Ideation unless vigorously contested, tend to be short-sighted, flawed and hence hopelessly short-lived. Allurements or fear of repercussions keep things going till they can persist. Eventually they fall apart. Ideologies, and empires have fallen.

The best way for a solution to remain relevant for long is to remain linked to times. That necessitates changes as per diktats of changing inputs. Solutions are mere inanimate processes. The key lies with the man behind it!

 

Give It Up

It is human to be emotionally attached to ideas and decisions, though it may not be the best way forward. Normally we don’t take kindly to criticism of our ideas. It is often considered a personal affront. With career, livelihood or even existence at stake, most do not express reservations. Many use the opportunity to curry favours and harvest benefits by singing praises. Wisdom easily differentiates!

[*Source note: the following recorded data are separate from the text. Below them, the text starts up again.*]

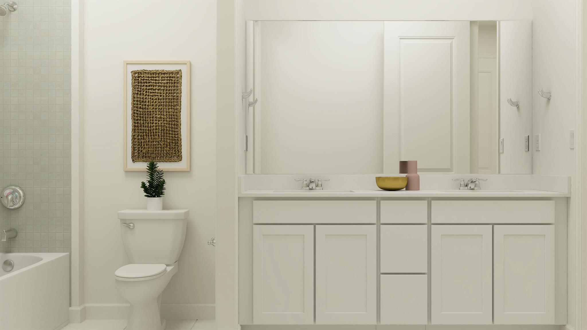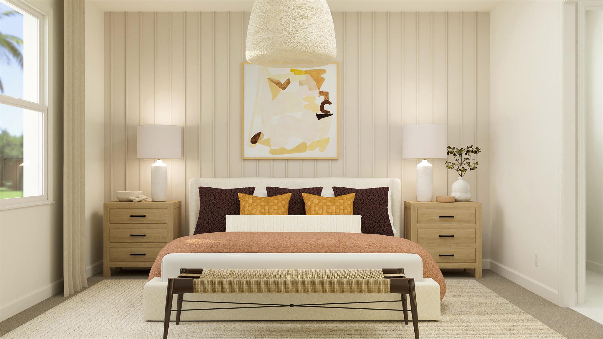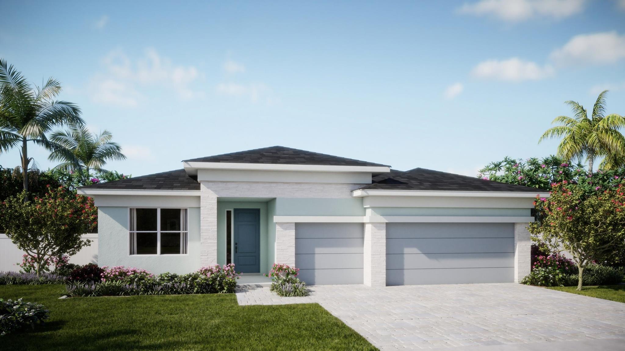 This new single-level home features a convenient bedroom and full bathroom off the foyer, leading to a versatile flex space ready to be used to meet the evolving needs of the home. The inviting open-concept layout is designed for seamless entertaining and multitasking, complete with access to an outdoor lanai. Three bedrooms are tucked away to the side of the home, including the luxe owner's suite in a private back corner, offering direct access to a spa-inspired bathroom and walk-in closet. Photos are for illustrative purposes only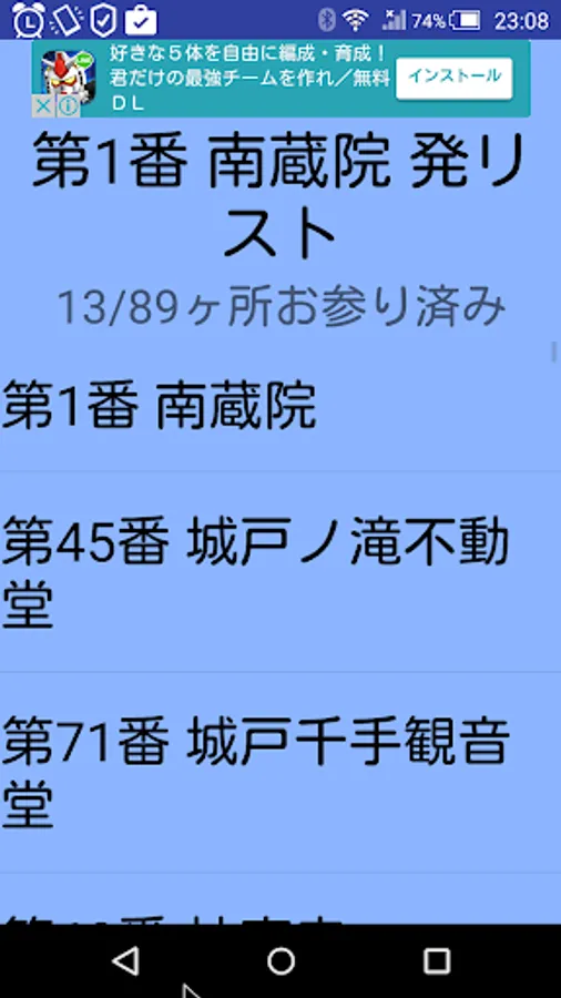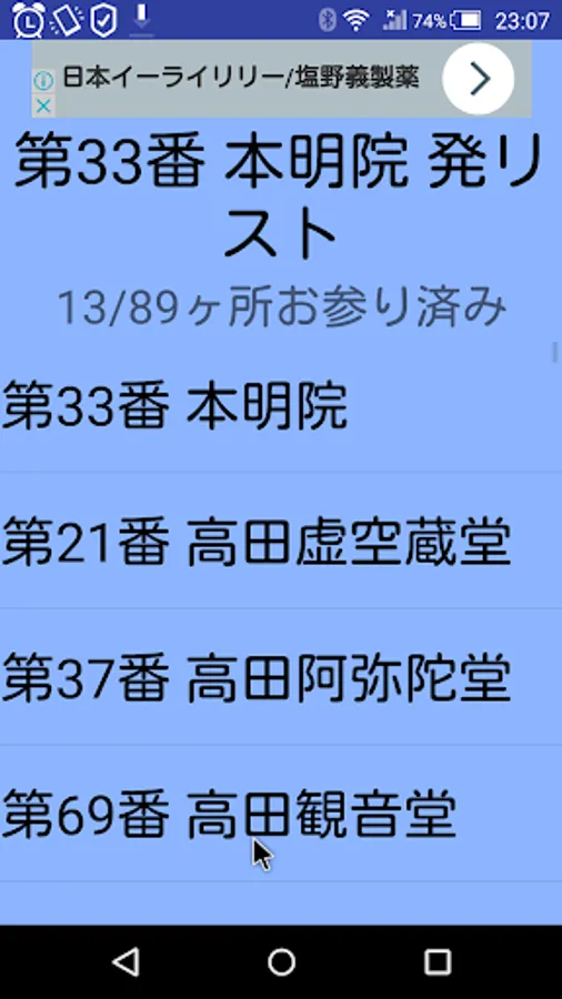 今までの「お遍路なび」と同様に札所の一覧や地図から目的の札所の情報を見たりすることが出来るようになっています。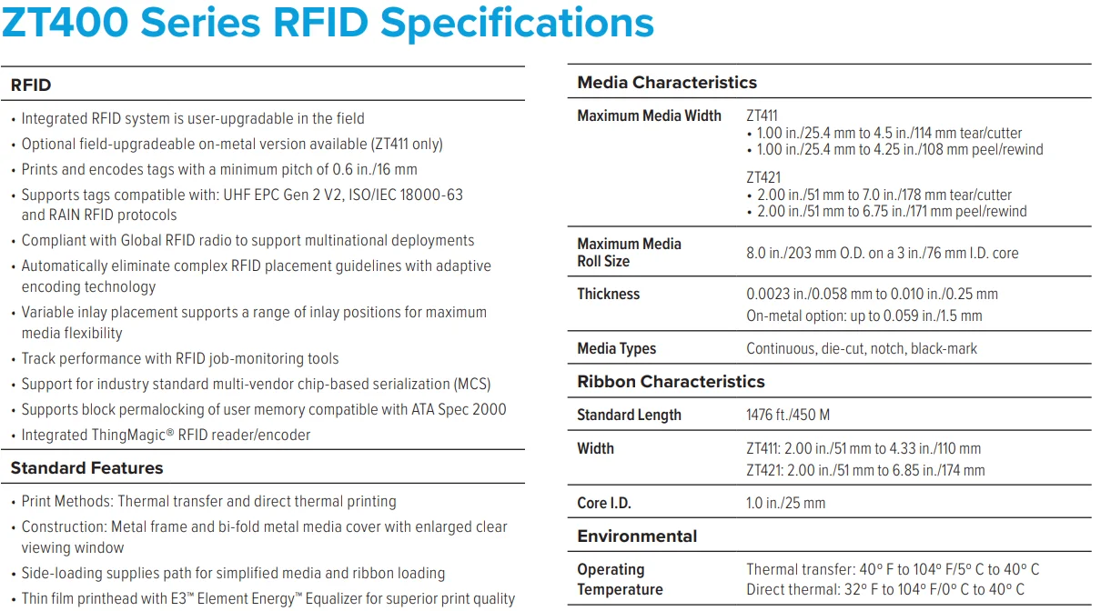 The ZT400 Series RFID offers high throughput and features an all-metal frame for rugged reliability in harsh environments. The 4-inch ZT411™ RFID and 6-inch ZT421™ RFID can print and encode tags with a minimum pitch of 0.6 in./16 mm. And, the ZT411 can print up to 600 dpi for extremely crisp resolution.

If one is willing to throw ideas to the wolves, the best would survive. The easiest way is to detach oneself from one’s own ideas. Willingness to accept existence of better view and perception helps everything but ego. It needs us to tune into actively listening without being hurt. It needs us to dissent without hurting. Craving for success and its ownership is better served if solutions emerge post contest.  

It can happen, only if we are willing to give up ownership of our ideas!

Points to Ponder

Why do societies continue with  discriminative practices although everyone speaks against it? 

Why do people preach but not practise?

Inability? Convenience to few  at the cost of others?